LTGO-33 is a potent and selective voltage-gated sodium channel NaV1.8 inhibitor. LTGO-33 inhibits NaV1.8 in the nM potency range and exhibits over 600-fold selectivity against human NaV1.1-NaV1.7 and NaV1.9. LTGO-33 exhibits state-independent inhibition with similar potencies on channels in the closed and inactivated conformations. LTGO-33 inhibits native TTX-R NaV1.8 currents in non-human primate and human DRG neurons, where it reduces action potential firing. LTGO-33 can be used for pain disorders research.

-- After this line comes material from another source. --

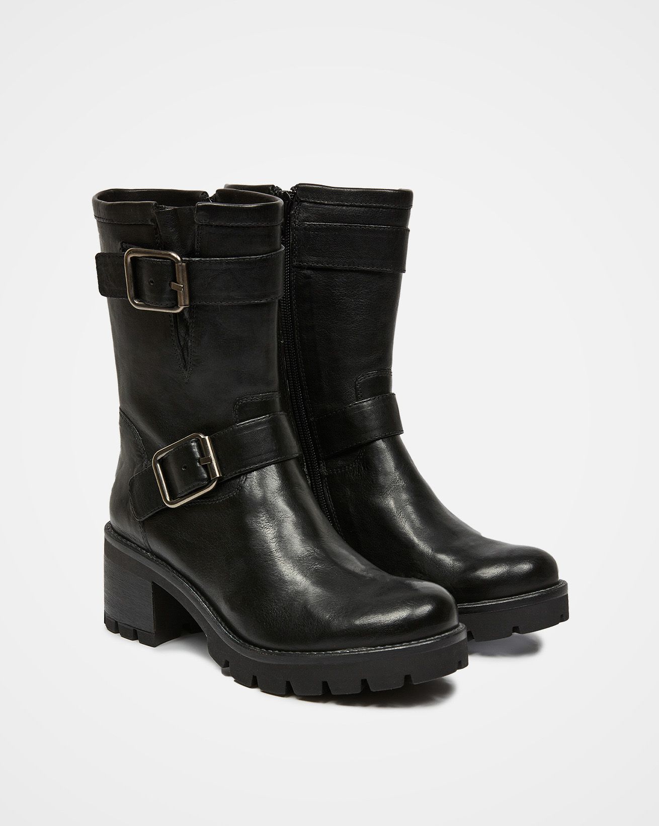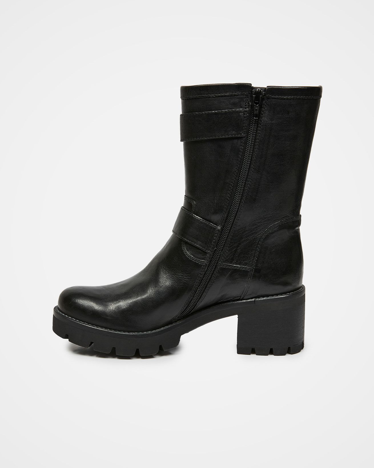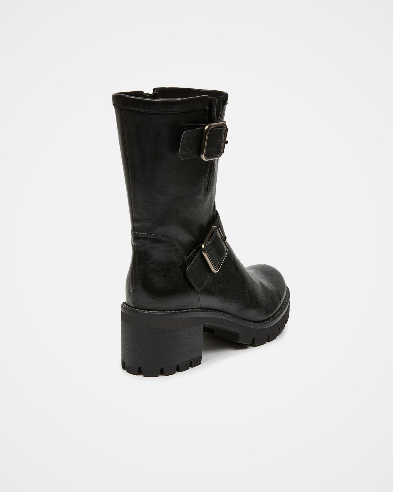 Trend-driven elements come through at the chunky outsole, which features deep cleating and a block heel with a wearable rise, and the straps with their antique brass roller buckles. Slip them on and off with ease using the full-length side zip.

LTGO-33 exhibits an IC50 of 33 nM from the closed state and 24 nM from an inactivated state[1].LTGO-33 displays species specificity for primate NaV1.8 over dog and rodent NaV1.8 and inhibits action potential firing in human dorsal root ganglia neurons[1].LTGO-33 inhibits TTX-R currents in primary DRG neurons from human (male donors: IC50 of 110 nM, 95% CI: 92 to 120 nM, n = 3-15 neurons per concentration; female donors: IC50 of 120 nM, 95% CI: 100 to 140 nM, 4- 6 neurons per concentration) and cynomolgus monkey (IC50 of 100 nM, 95% CI: 71 to 150 nM, n = 6 cells) but is markedly less effective on DRG neurons from dog (IC50 >10 µM, n = 6 cells), rat (IC50 >30 µM, n = 7 cells), and mouse (IC50 >30 µM, n = 8 cells)[1].LTGO-33 stabilizs the deactivated state of VSDII, effectively keeping the channel closed by preventing movement of VSDII[1].
References:
[1]. Gilchrist JM, et al. Pharmacologic Characterization of LTGO-33, a Selective Small Molecule Inhibitor of the Voltage-Gated Sodium Channel NaV1.8 with a Unique Mechanism of Action. Mol Pharmacol. 2024 Feb 15;105(3):233-249.